**TASK OBJECTIVE:**
Return the listing exactly, please; no pictures.
BEGIN DATA EXTRACT
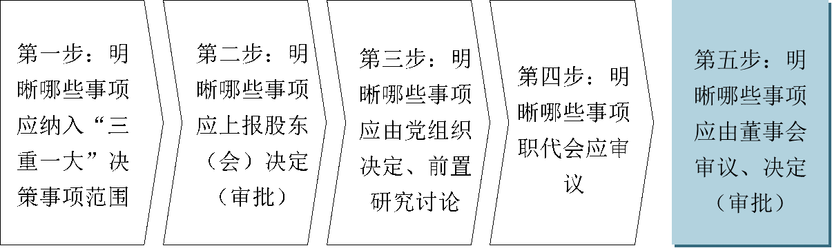 “三重一大”決策事項,是股東會、董事會、黨組織等公司治理主體決策的核心事項。筆者所在求是咨詢團隊,基于常年國企治理管控咨詢實踐認為,國有企業(yè)健全法人治理結構的權責關鍵就在于:要科學合理地制定涵蓋各治理主體的“三重一大”的決策事項清單及流程。為此,我們構建了如下國企制定“三重一大”決策事項清單“五步法”路線圖。
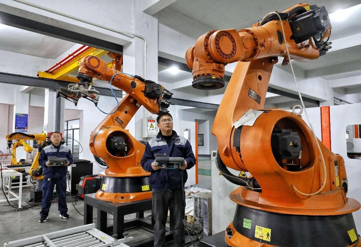 Technicians debug robots in a workshop of a robot manufacturer in Fenghuang township, Zhangjiagang, east China's Jiangsu province. (People's Daily Online/Shi Bairong)
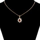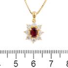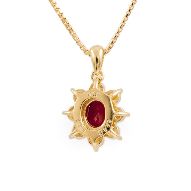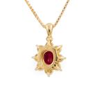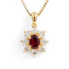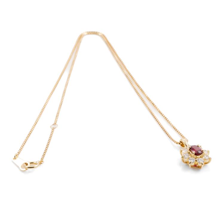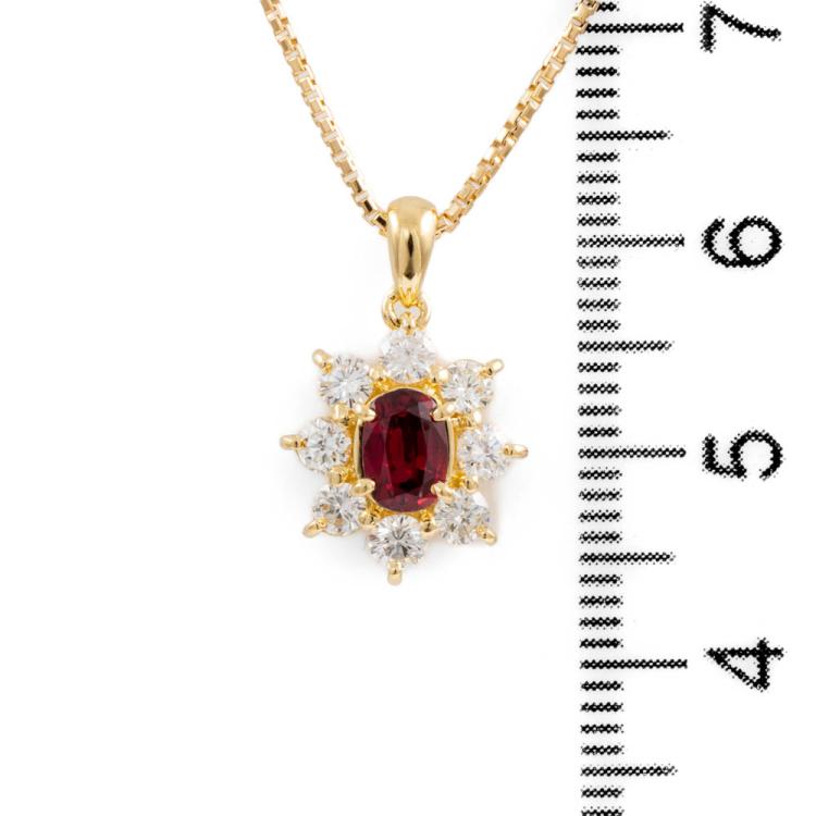 Ruby and Diamond pendant with oval shape Natural Ruby of 0.58ct (Note - Ruby with minor wear marks)and round Natural Diamonds totalling 0.56cts (Estimated grading : G-H SI). 18ct yellow gold with 40cm 18ct yellow gold chain. Weight: 5.1g. (Pre-owned)
END DATA EXTRACT
**ANSWER AREA:**
 “三重一大”決策事項,是股東會、董事會、黨組織等公司治理主體決策的核心事項。筆者所在求是咨詢團隊,基于常年國企治理管控咨詢實踐認為,國有企業(yè)健全法人治理結構的權責關鍵就在于:要科學合理地制定涵蓋各治理主體的“三重一大”的決策事項清單及流程。為此,我們構建了如下國企制定“三重一大”決策事項清單“五步法”路線圖。
 Technicians debug robots in a workshop of a robot manufacturer in Fenghuang township, Zhangjiagang, east China's Jiangsu province. (People's Daily Online/Shi Bairong)
 Ruby and Diamond pendant with oval shape Natural Ruby of 0.58ct (Note - Ruby with minor wear marks)and round Natural Diamonds totalling 0.56cts (Estimated grading : G-H SI). 18ct yellow gold with 40cm 18ct yellow gold chain. Weight: 5.1g. (Pre-owned)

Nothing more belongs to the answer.